Department of Microbiology, Harvard Medical School, Boston, Massachusetts 02115, USA.
Genes Dev. 2022 Sep 1;36(17-18):970-984. doi: 10.1101/gad.349895.122. Epub 2022 Oct 20.
Intrinsically disordered protein regions (IDRs) have been implicated in diverse nuclear and cytoplasmic functions in eukaryotes, but their roles in bacteria are less clear. Here, we report that extracytoplasmic IDRs in are required for cell wall homeostasis. The σ transcription factor is activated in response to envelope stress through regulated intramembrane proteolysis (RIP) of its membrane-anchored anti-σ factor, RsgI. Unlike canonical RIP pathways, we show that ectodomain (site-1) cleavage of RsgI is constitutive, but the two cleavage products remain stably associated, preventing intramembrane (site-2) proteolysis. The regulated step in this pathway is their dissociation, which is triggered by impaired cell wall synthesis and requires RsgI's extracytoplasmic IDR. Intriguingly, the major peptidoglycan polymerase PBP1 also contains an extracytoplasmic IDR, and we show that this region is important for its function. Disparate IDRs can replace the native IDRs on both RsgI and PBP1, arguing that these unstructured regions function similarly. Our data support a model in which the RsgI-σ signaling system and PBP1 represent complementary pathways to repair gaps in the PG meshwork. The IDR on RsgI senses these gaps and activates σ, while the IDR on PBP1 directs the synthase to these sites to fortify them.

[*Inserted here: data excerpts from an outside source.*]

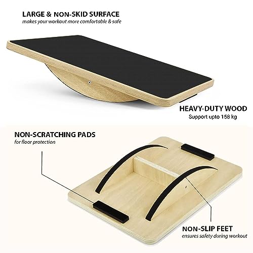 RESISTANT SURFACE & HIGH DURABILITY: Premium Balance Board Ankle with non – skid pad on the 44.4cm surface provides better grip during your workout; Rocker Board is built to last, made of high quality heavy duty wood, support up to 158kg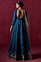 Lashkaraa presents a peacock blue anarkali in silk base with zari, sequins and thread embroidery. It is paired with shantoon pants and a net dupatta. Accentuate it with statement earrings and heels for any festive occasion or sangeet ceremony.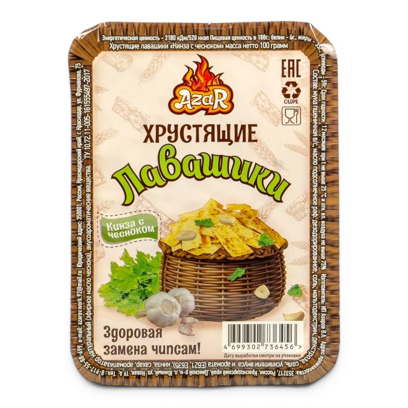 | описание : | Хрустящие лавашики со вкусом и ароматом "Кинза с чесноком" TM "AZAR" контейнер 100г (1*16) |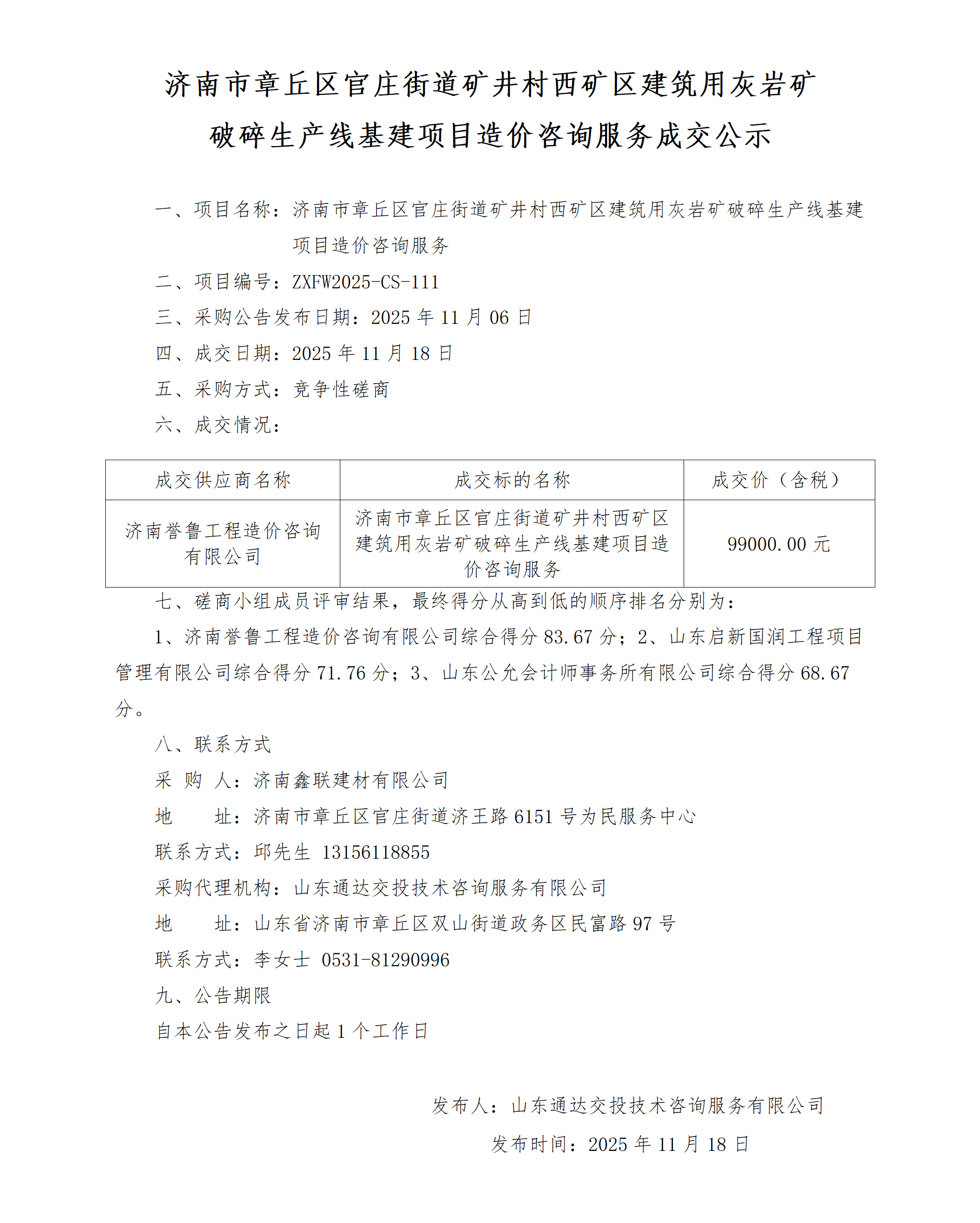 济南市章丘区官庄街道矿井村西矿区建筑用灰岩矿破碎生产线基建项目清单及招标控制价编制服务成交公示
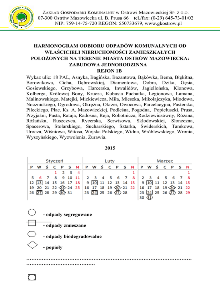 ZAKŁAD GOSPODARKI KOMUNALNEJ w Ostrowi Mazowieckiej SP. Z O.O. 07-300 Ostrów Mazowiecka ul. B. Prusa 66 tel./fax: (0-29) 645-73-01/02 NIP: 759-14-75-720 REGON: 550733679, www.gkostrow.pl HARMONOGRAM ODBIORU ODPADÓW KOMUNALNYCH OD WŁAŚCICIELI NIERUCHOMOŚCI ZAMIESZKAŁYCH POŁOŻONYCH NA TERENIE MIASTA OSTRÓW MAZOWIECKA: ZABUDOWA JEDNORODZINNA REJON 1B Wykaz ulic: 18 PAL, Asnyka, Bagińska, Bażantowa, Bąkówka, Bema, Błękitna, Borowikowa, Cicha, Dąbrowskiej, Diamentowa, Dobra, Dzika, Gęsia, Gosiewskiego, Grzybowa, Harcerska, Inwalidów, Jagiellońska, Klonowa, Kolberga, Królowej Bony, Krucza, Kubusia Puchatka, Legionowa, Łamana, Malinowskiego, Matejki, Mickiewicza, Miła, Mieszka, Mikołajczyka, Miodowa, Nocznickiego, Ogrodowa, Okrężna, Okrzei, Owocowa, Parcelacyjna, Pasterska, Pileckiego, Plac. Ks. A. Mazowieckiej, Podleśna, Pogodna, Popiełuszki, Prusa, Przyjaźni, Pusta, Rataja, Radosna, Reja, Robotnicza, Rodziewiczówny, Różana, Różańska, Ruszczyca, Rycerska, Serwisowa, Skłodowskiej, Słoneczna, Spacerowa, Stolarskiego, Sucharskiego, Sztarka, Świderskich, Tamkowa, Urocza, Wiśniowa, Witosa, Wojska Polskiego, Widna, Wróblewskiego, Wronia, Wyszyńskiego, Wyzwolenia, Żurawia. 2015 - odpady segregowane - odpady zmieszane - odpady biodegradowalne - popioły …………………………………………………………………………………… …………………………………. - odbiór odpadów zmieszanych i odpadów segregowanych w tym samym dniu, ale każdy odbiór oddzielnie W przypadku dodatkowych pytań prosimy o kontakt z Działem Oczyszczania Miasta i Odbioru Odpadów tel. /29/ 645 73 25 lub /29/ 645 73 24 Zarząd Spółki

内在无序蛋白质区域(IDR)在真核生物的多种核内和细胞质功能中起作用,但它们在细菌中的作用尚不清楚。在这里,我们报告了 中细胞外 IDR 对于细胞壁稳态是必需的。σ 转录因子通过其膜锚定的抗-σ 因子 RsgI 的膜内蛋白水解(RIP)而被激活,以响应包膜应激。与典型的 RIP 途径不同,我们表明 RsgI 的外显子(位点 1)切割是组成型的,但两个切割产物仍然稳定相关,从而阻止了内膜(位点 2)的蛋白水解。该途径中的调节步骤是它们的解离,这是由细胞壁合成受损触发的,需要 RsgI 的细胞外 IDR。有趣的是,主要的肽聚糖聚合酶 PBP1 也含有细胞外 IDR,我们表明该区域对于其功能很重要。不相关的 IDR 可以替代 RsgI 和 PBP1 上的天然 IDR,这表明这些无规卷曲区域的功能相似。我们的数据支持这样一种模型,即 RsgI-σ 信号系统和 PBP1 代表了修复 PG 网格中的间隙的互补途径。RsgI 上的 IDR 检测到这些间隙并激活 σ,而 PBP1 上的 IDR 则将合成酶引导至这些位点以加强它们。